In the condition expression of the if statement

if (len > sizeof(buff))
    puts("ERROR!");

type size_t (usually defined as unsigned long) that corresponds to the type of the returned value of operator sizeof has higher rank than the type of variable len that has type int. So to get the common type len is converted to type size_t according to the rules of the usual arithmetic conversions and considered as unsigned integral value that is greater than the value returned by sizeof( buff ).

[Note: internal representation of -2 can look (I will use only a byte for simplicity) like

11111110

while of 8 it looks like

00001000

Thus if to consider the internal representation of -2 as some unsigned value then it is obvious that -2 is greater than 8. - end Note]

From the C Standard (6.3.1.8 Usual arithmetic conversions)

1 Many operators that expect operands of arithmetic type cause conversions and yield result types in a similar way. The purpose is to determine a common real type for the operands and result. For the specified operands, each operand is converted, without change of type domain, to a type whose corresponding real type is the common real type. Unless explicitly stated otherwise, the common real type is also the corresponding real type of the result, whose type domain is the type domain of the operands if they are the same, and complex otherwise. This pattern is called the usual arithmetic conversions:

And

Otherwise, if both operands have signed integer types or both have unsigned integer types, the operand with the type of lesser integer conversion rank is converted to the type of the operand with greater rank.

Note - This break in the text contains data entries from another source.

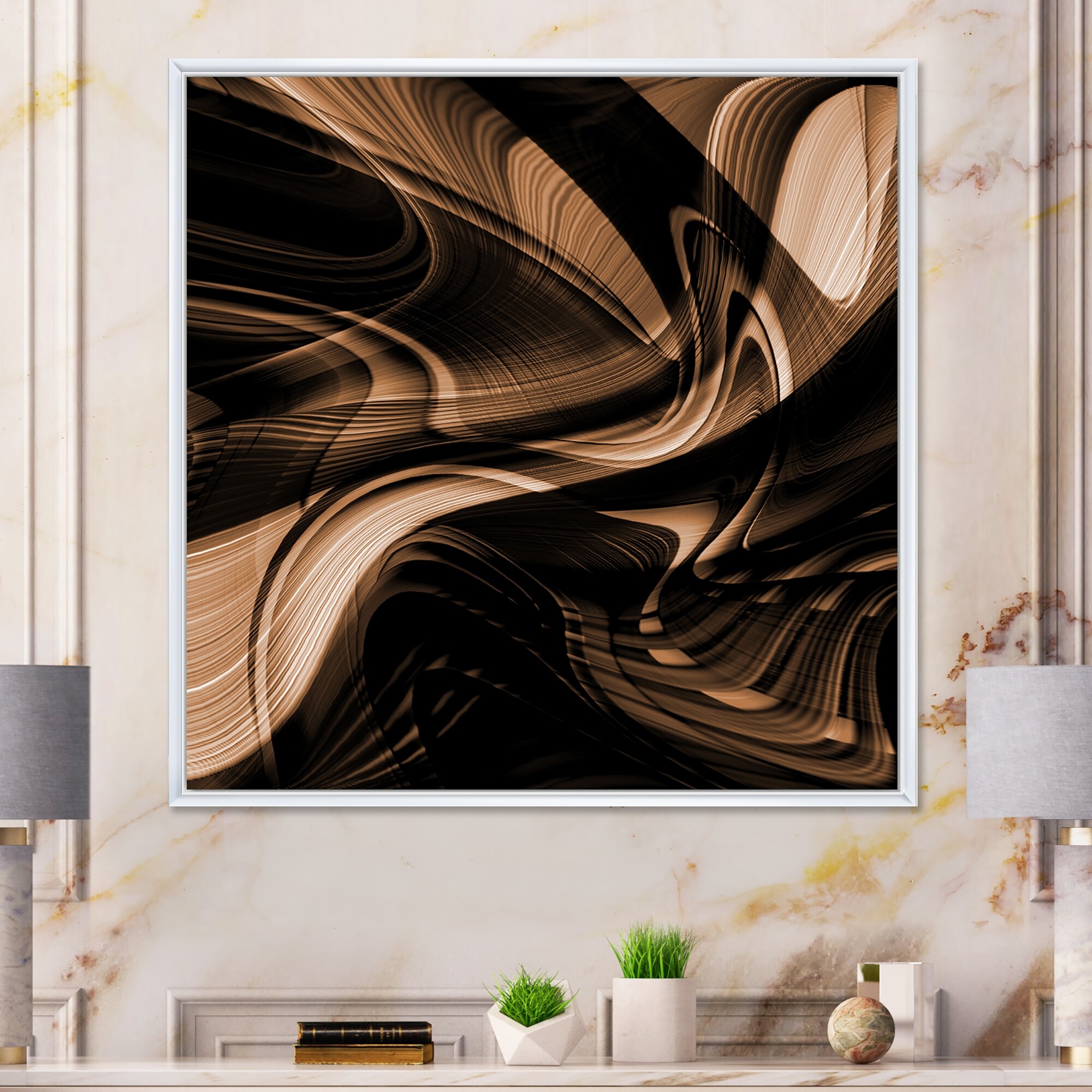 Designart "Abstract Brown Wave Art" Modern Framed Canvas Wall Art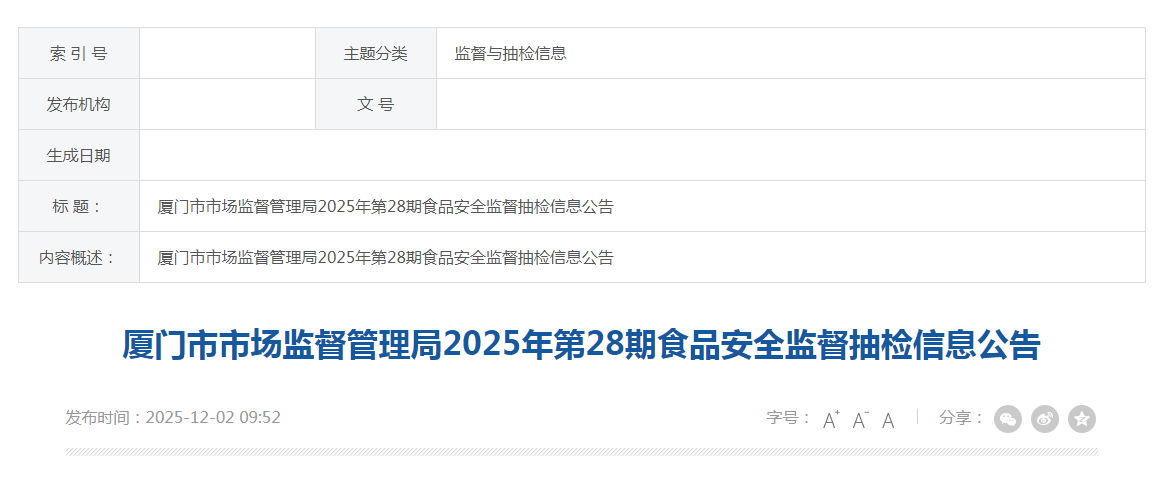 廈門(mén)市市場(chǎng)監(jiān)督管理局2025年第28期食品安全監(jiān)督抽檢信息公告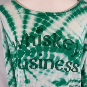Green and white tie dye “Whiskey Business” long sleeve knit top size medium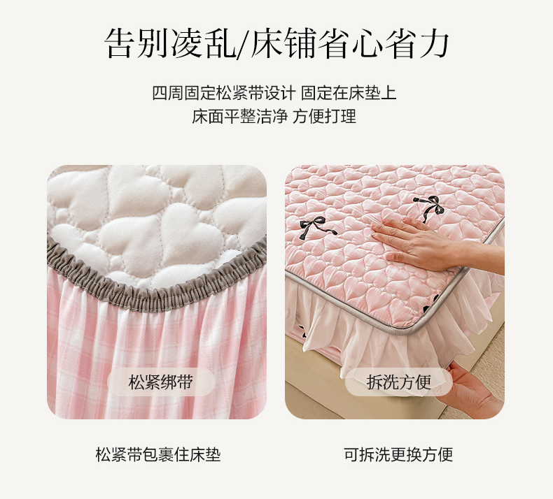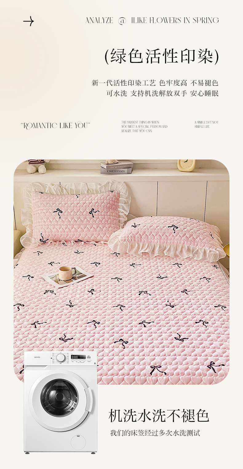 • 91家纺网 家纺一手货源 找家纺 眠势力 2025新款韩版花边床笠雪纺公主风ins夹棉四季款床罩保护套 粉格蝴蝶结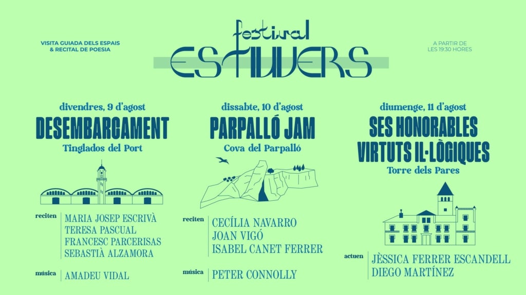 El festival de poesia de Gandia (Safor) Estiuvers prepara la seua 4a edició aquest 2024 amb la mateixa voluntat d’unir poesia, música, paisatge i patrimoni cultural. L’atractiu del festival s’ha caracteritzat per les ubicacions úniques dels recitals, i aquestes enguany seran els Tinglados del Grau de Gandia, la Cova del Parpalló i la Torre dels Pares. Els tres actes tindran lloc els dies 9, 10 i 11 d’agost respectivament, i començaran sempre a les 19.30 de la vesprada, hora en la qual es farà una visita guiada prèvia al públic d’uns 20 minuts aproximadament per tal de conèixer les curiositats de cada indret patrimonial. Després de la visita, com sempre, es donarà pas al recital poètic. Com a novetat, l’Estiuvers dedicarà aquesta edició a la memòria de Vicent Andrés Estellés, en honor al seu centenari.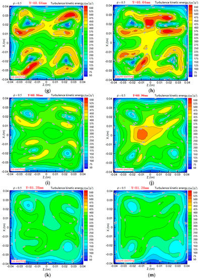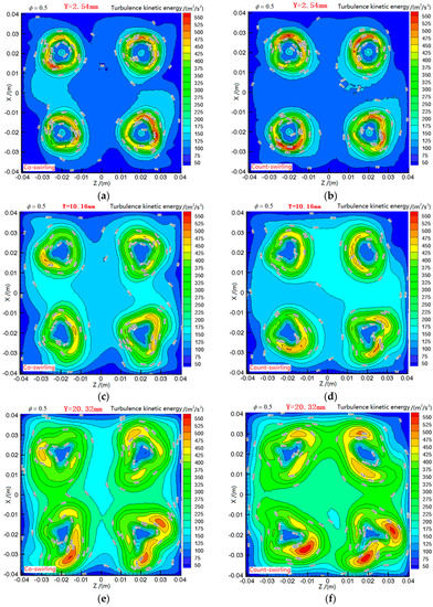 Figure 6 shows the turbulence kinetic energy contours of the co-swirling and counter-swirling four-point LDI combustors with an equivalence ratio of 0.5. There is no interaction between swirler–venturi at Y = 2.54 mm plane of co-swirling and count-swirling four-point LDI combustors. The individual flow field of each swirler–venturi is presented, respectively. The turbulence kinetic energy is highest at swirling flow fan of four-point LDI combustors. While at Y = 10.16 mm plane of co-swirling and count-swirling four-point LDI combustors, the interaction of turbulence kinetic energy between the four swirlers begins to emerge and the intensity of the count-swirling LDI combustor is slightly more than that of the co-swirling LDI combustor. For co-swirling and count-swirling four-point LDI combustors, the interaction of flow field between the four swirlers could be neglected before Y = 10.16 mm plane, only there are interaction effect in downstream flow field. While at Y = 20.32 mm plane of co-swirling and count-swirling four-point LDI combustors, the interaction of flow field between the four swirlers increases. The interaction of co-swirling LDI combustor is obviously less than that of the count-swirling LDI combustor. With the swirling flow running downstream, there is acute interaction effect between the swirlers of the four-point LDI combustor at Y = 40.64 mm and the turbulence kinetic energy is highest at the interface of the swirlers. The turbulence kinetic energy of count-swirling four-point LDI combustor is higher than that of the co-swirling four-point LDI combustor. This indicates that the count-swirling is available to improve the rapid mixing for combustion. When at Y = 60.96 mm of four-point LDI combustors, the highest turbulence kinetic energy locates at the center of the LDI combustor; this is because the spinning air from swirlers are colliding in the center of the count-swirling four-point LDI combustor. When at Y = 81.28 mm of four-point LDI combustors, the turbulence kinetic energy contours of the co-swirling four-point LDI combustor and the count-swirling four-point LDI combustor begin to be uniform and the turbulence kinetic energy also decreases. When at Y = 101.6 mm of four-point LDI combustors, the turbulence kinetic energy is further weakened and tending toward uniformity. The turbulence kinetic energies of the co-swirling four-point LDI combustor and the count-swirling four-point LDI combustor are completely uniform. The different swirler arrangements for the four-point LDI combustors would result in there being different distributions of turbulence kinetic energy. This would affect the fuel-air distributions of the primary combustion zone to induce the temperature difference, which is a disadvantage for reducing the NO emission.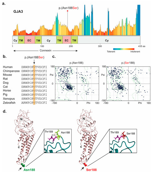 - Schadzek, P.; Schlingmann, B.; Schaarschmidt, F.; Lindner, J.; Koval, M.; Heisterkamp, A.; Preller, M.; Ngezahayo, A. The cataract related mutation N188T in human connexin46 (hCx46) revealed a critical role for residue N188 in the docking process of gap junction channels. Biochim. Biophys. Acta (BBA)-Biomembr. 2016, 1858, 57–66. [Google Scholar] [CrossRef] [PubMed] [Green Version]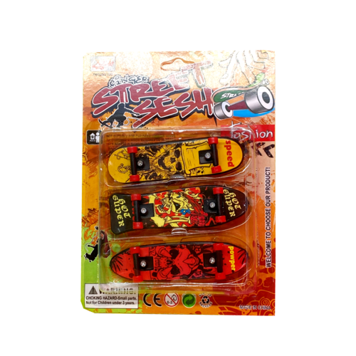 Pacote Completo: Cada kit inclui três skates de dedo, permitindo que as crianças escolham entre diferentes designs ou compartilhem com amigos.Peças Intercambiáveis: Os skates vêm com peças que podem ser trocadas, como rodas, eixos e decks, para personalização e criação de estilos únicos.Tamanho Compacto: Ideal para brincar com os dedos, perfeito para manobras e truques miniaturizados.Material Durável: Fabricado em plástico resistente, projetado para suportar o uso contínuo e garantir diversão prolongada.Estimula a Criatividade: A possibilidade de personalizar os skates incentiva a criatividade e o desenvolvimento de habilidades de design.O Kit com 3 Skates de Dedo em 24 unidades é ideal para festas, eventos ou como presente para grupos de crianças. Cada kit proporciona horas de entretenimento, competição amigável e oportunidades para criar o skate dos sonhos, garantindo diversão em dobro para todos!

Otherwise, if the operand that has unsigned integer type has rank greater or equal to the rank of the type of the other operand, then the operand with signed integer type is converted to the type of the operand with unsigned integer type.

If you would for example define len as having type long long then it is posiible that the condition would be equal to false because it could occur that the rank of long long is greater than rank of size_t that usually is defined as a typedef for type unsigned long

Try the following code snippet

long long int len = -2;
char* buff = (char*) malloc(len+4);
if (len > sizeof(buff))
    puts("ERROR!");
else
    puts("OK!");

2) Why doesn't the following code print 8?

char array[10];
printf("%lu", sizeof(array));

Operator sizeof returns in bytes the size of the object used as operand of the operator. Variable array is defined as an array of 10 elements of type char. In any implementation sizeof( char ) is equal to 1. Thus 10 * sizeof( char ) will result in 10.

Take into account that arrays are not pointers.